He wheeled his easy-chair to the table, trimmed the lamp, and settled
himself to the examination of the books.
He took them up, one by one, and looked carefully through them, first
looking at the page on which the name of the owner is ordinarily
written, and then searching for any scrap of paper which might have been
left within the leaves. On the first page of the Eton Latin Grammar the
name of Master Talboys was written in a prim, scholastic hand; the
French pamphlet had a careless G.T. scrawled on the cover in pencil, in
George's big, slovenly calligraphy: the Tom Jones had evidently been
bought at a book-stall, and bore an inscription, dated March 14th, 1788,
setting forth that the book was a tribute of respect to Mr. Thos.
Scrowton, from his obedient servant, James Anderley; the Don Juan and
the Testament were blank. Robert Audley breathed more freely; he had
arrived at the last but one of the books without any result whatever,
and there only remained the fat gilt-and-crimson-bound volume to be
examined before his task was finished.
It was an annual of the year 1845. The copper-plate engravings of lovely
ladies, who had flourished in that day, were yellow and spotted with
mildew; the costumes grotesque and outlandish; the simpering beauties
faded and commonplace. Even the little clusters of verses (in which the
poet's feeble candle shed its sickly light upon the obscurities of the
artist's meaning) had an old-fashioned twang; like music on a lyre,
whose strings are slackened by the damps of time.
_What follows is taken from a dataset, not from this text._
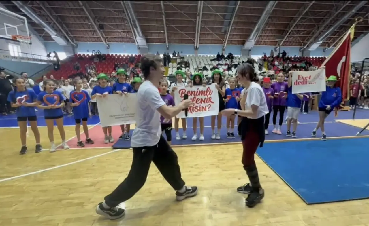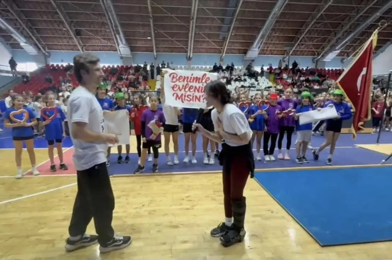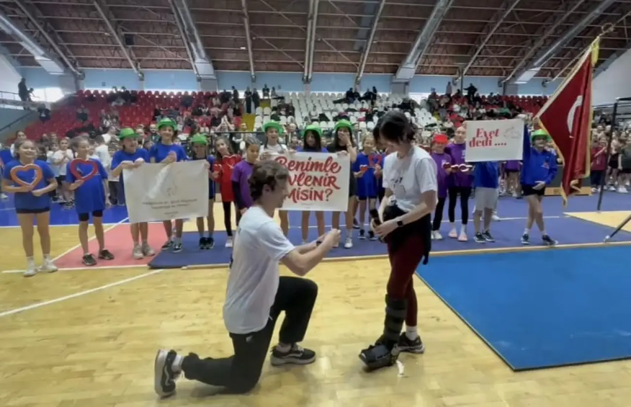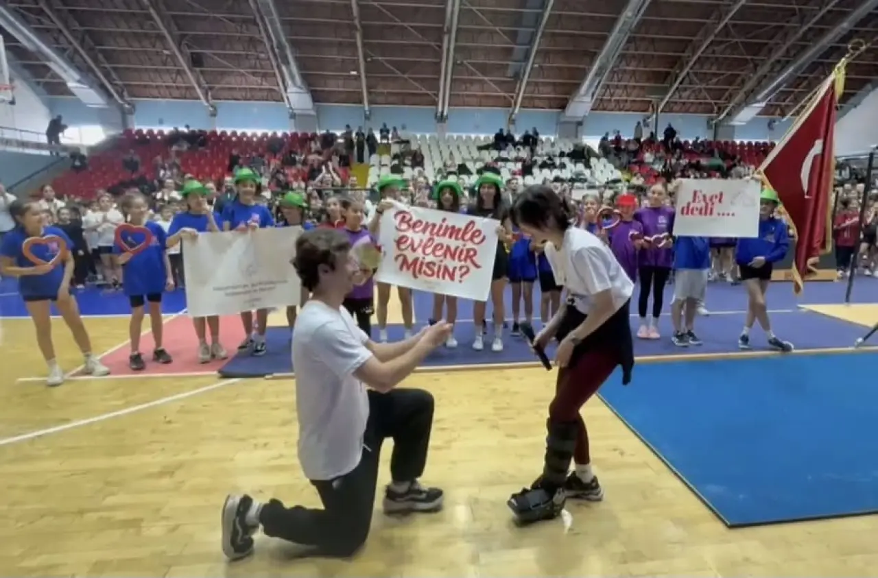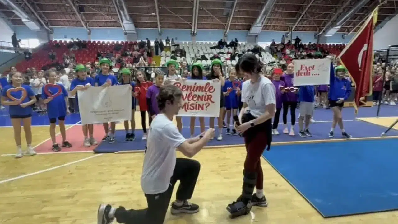 Atatürk Spor Salonu’nda gerçekleştirilen organizasyonda, seremoni sırasında duygusal anlar yaşandı. Adana’dan cimnastik antrenörü Ahmet Yıldız, Ankara’dan antrenör İlkim Vurucu’ya sürpriz bir evlilik teklifinde bulundu. Sporcuların “Benimle evlenir misin?” yazılı pankart açtığı anlarda, Yıldız diz çökerek yüzükle teklifini yaptı. Vurucu’nun “Evet” yanıtı salonda büyük alkış aldı.

Robert Audley did not
stop to read any of the mild productions. He ran rapidly through the
leaves, looking for any scrap of writing or fragment of a letter which
might have been used to mark a place. He found nothing but a bright ring
of golden hair, of that glittering hue which is so rarely seen except
upon the head of a child--a sunny lock, which curled as naturally as the
tendril of a vine; and was very opposite in texture, if not different in
hue, to the soft, smooth tresses which the landlady at Ventnor had given
to George Talboys after his wife's death. Robert Audley suspended his
examination of the book, and folded this yellow lock in a sheet of
letter paper, which he sealed with his signet-ring, and laid aside, with
the memorandum about George Talboys and Alicia's letter, in the
pigeon-hole marked important. He was going to replace the fat annual
among the other books, when he discovered that the two blank leaves at
the beginning were stuck together. He was so determined to prosecute his
search to the very uttermost, that he took the trouble to part these
leaves with the sharp end of his paper-knife, and he was rewarded for
his perseverance by finding an inscription upon one of them. This
inscription was in three parts, and in three different hands. The first
paragraph was dated as far back as the year in which the annual had been
published, and set forth that the book was the property of a certain
Miss Elizabeth Ann Bince, who had obtained the precious volume as a
reward for habits of order, and for obedience to the authorities of
Camford House Seminary, Torquay. The second paragraph was dated five
years later, and was in the handwriting of Miss Bince herself, who
presented the book, as a mark of undying affection and unfading esteem
(Miss Bince was evidently of a romantic temperament) to her beloved
friend, Helen Maldon. The third paragraph was dated September, 1853, and
was in the hand of Helen Maldon, who gave the annual to George Talboys;
and it was at the sight of this third paragraph that Mr. Robert Audley's
face changed from its natural hue to a sickly, leaden pallor.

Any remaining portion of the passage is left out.